Si l’enthousiasme de l’Institut envers le gouvernement du PLQ a été quelque peu douché par la lenteur à « réinventer » le Québec (entre autres sur la question de la réduction des impôts), les éloges des libéraux pour le travail de l’IEDM ne semblent pas avoir cessé. Dans le cadre d’un déjeuner-causerie en mars 2007, Jean Charest ne tarissait pas de compliments envers l’œuvre de l’IEDM, soulignant son importance dans l’enrichissement des débats idéologiques au Québec où, selon lui, « il n’y avait pas suffisamment de contributions venant de différentes écoles de pensée ». Traduit en clair, dans un paysage dominé par la gauche, l’IEDM apporterait un vent de fraîcheur avec de « nouvelles » idées, des idées de droite. On connaît la chanson. Elle n’est pas neuve tout comme ces idées que l’on brandit comme moyens de « moderniser » la société.

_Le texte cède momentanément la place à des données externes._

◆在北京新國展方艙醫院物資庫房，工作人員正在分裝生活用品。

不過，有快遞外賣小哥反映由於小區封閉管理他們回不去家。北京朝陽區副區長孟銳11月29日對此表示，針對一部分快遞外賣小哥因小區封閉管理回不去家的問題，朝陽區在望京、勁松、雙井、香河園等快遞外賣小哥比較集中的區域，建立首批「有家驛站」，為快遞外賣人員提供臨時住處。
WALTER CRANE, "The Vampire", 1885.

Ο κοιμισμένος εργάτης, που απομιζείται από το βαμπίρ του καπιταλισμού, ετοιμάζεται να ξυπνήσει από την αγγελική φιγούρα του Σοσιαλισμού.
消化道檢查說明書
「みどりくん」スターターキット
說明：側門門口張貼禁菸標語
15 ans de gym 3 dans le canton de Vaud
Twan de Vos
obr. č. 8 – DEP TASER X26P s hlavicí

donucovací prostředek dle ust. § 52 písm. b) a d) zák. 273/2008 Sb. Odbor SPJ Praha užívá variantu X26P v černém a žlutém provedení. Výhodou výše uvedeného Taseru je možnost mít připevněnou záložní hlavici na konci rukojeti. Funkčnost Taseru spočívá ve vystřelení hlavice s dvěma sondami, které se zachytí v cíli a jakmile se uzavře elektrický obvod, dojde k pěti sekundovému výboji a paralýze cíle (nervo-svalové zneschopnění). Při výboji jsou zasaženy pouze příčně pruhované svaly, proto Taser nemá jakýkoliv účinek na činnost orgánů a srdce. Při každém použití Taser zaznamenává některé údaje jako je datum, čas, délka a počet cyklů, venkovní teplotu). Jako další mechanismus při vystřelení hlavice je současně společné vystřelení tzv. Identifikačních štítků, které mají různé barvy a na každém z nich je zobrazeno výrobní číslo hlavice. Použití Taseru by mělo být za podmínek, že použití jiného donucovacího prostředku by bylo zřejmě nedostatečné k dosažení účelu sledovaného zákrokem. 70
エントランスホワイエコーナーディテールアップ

Et dans l’art de faire du neuf avec du vieux, l’ADQ a mis au point, de son côté, pas mal de bonnes recettes. On sait que les principes de base de ce parti sont largement inspirées par ce qui a été concocté dans la droite néolibérale américaine [2]. Avec tant de points communs, on ne sera pas étonné alors de voir se développer des liens serrés entre l’ADQ et l’IEDM. Entre autres exemples, à l’automne 2006, Paul Daniel Muller accédait au poste de président de l’IEDM, succédant à Michel-Kelly Gagnon (dont nous avons déjà parlé), qui lui, passait à la tête… du Conseil du patronat du Québec. M. Muller avait déjà occupé des fonctions dans le gouvernement Bourassa et, plus récemment, était lié à l’ADQ. Il a depuis lors officiellement rompu les liens avec cette formation politique. Il n’en reste pas moins que Mario Dumont est souvent présent à des événements organisés par l’IEDM et que l’ADQ utilise abondamment les études de l’Institut pour justifier ses prises de position politique.

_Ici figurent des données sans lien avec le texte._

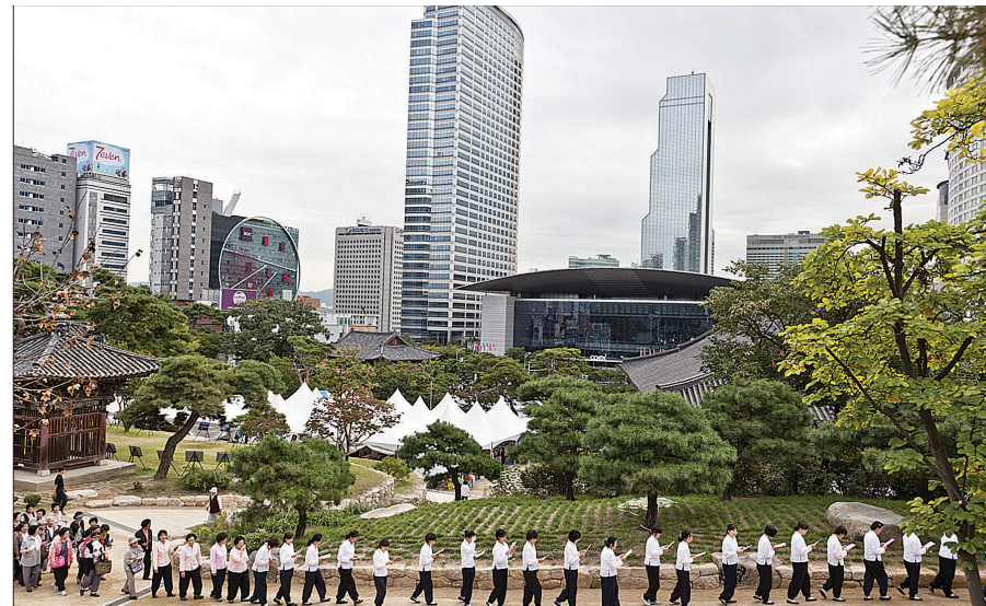
매그넘은 한국의 역사를 카메라에 포착해 전시를 연다. 2013년 봉은사 개산대제 정대불사 장면.

광복 70주년을 맞아 전시 '매그넘 사진의 비밀展-브릴리언트 코리아(Brilliant Korea)'가 10월 3일까지 종로구 세종문화회관 예술동에서 개최된다. 이번 전시에 참여한 9명의 매그넘 포토스(이하, 매그넘)작가는 '한국'을 주제로 대한민국의 전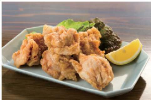
ミナミ田園からあげ 748円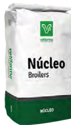
Nucleo Broilers corrector vitamínico - mineral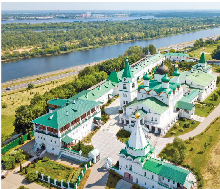
Печерский Вознесенский монастырь

Вечер. Завершите день прогулкой по Рождественской улице (▷38) и ужином в ресторане «Безухов» (▷59).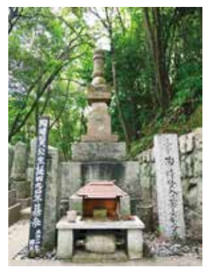
陶晴賢の首塚(洞雲寺)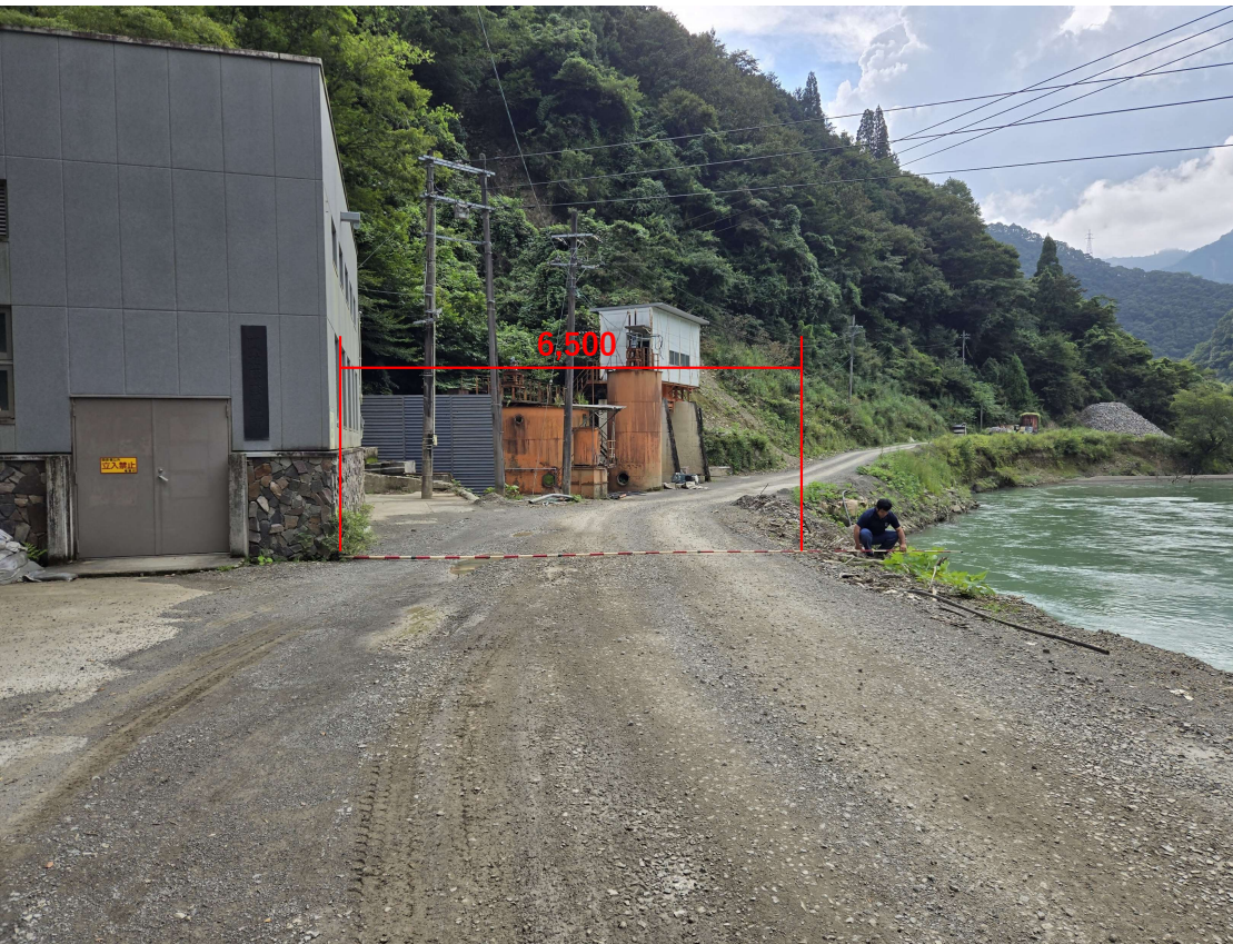
発電所建屋前道路

Que le PLQ ou l’ADQ soient au diapason avec l’IEDM, il n’y a sans doute là rien de bien étonnant, la droite frayant avec la droite. Dans le cas du Parti québécois, les choses se corsent un peu, ce dernier s’affichant encore comme une formation « sociale-démocrate ». Un peu surprenant alors de lire dans le Globe and Mail du 16 novembre 2005 qu’un des conseiller d’André Boisclair, alors chef du PQ, ait été Daniel Audet, ancien membre de la direction de l’IEDM. M. Boisclair n’est plus là, mais d’autres politiques proches du PQ ont exprimé des positions très près de celles de l’IEDM, dont Joseph Facal dans ses chroniques du journal Les Affaires (où, d’ailleurs, écrit Paul Daniel Muller).

Alors, l’Institut économique de Montréal, une organisation non partisane ? Dans un certain sens, oui, puisque loin d’être manipulée par les partis politiques, c’est plutôt elle qui les influence en leur fournissant une « boîte à outils » idéologique. Dans cette convergence entre personnalités politiques et chefs d’entreprise, l’Institut joue le rôle, pour reprendre l’expression du théoricien marxiste Gramsci, d’un intellectuel collectif du capital et de l’État en vue de légitimer les contre-réformes néolibérales.


[1Coalition Solidarité Santé, L’Institut économique de Montréal, un lobby de droite pseudo-charitable qui a infiltré le Parti libéral du Québec, octobre 2003.

[2Jean-Claude Saint-Onge et Pierre Mouterde, ADQ : voie sans issue, Montréal, Écosociété, 2002, 147 p.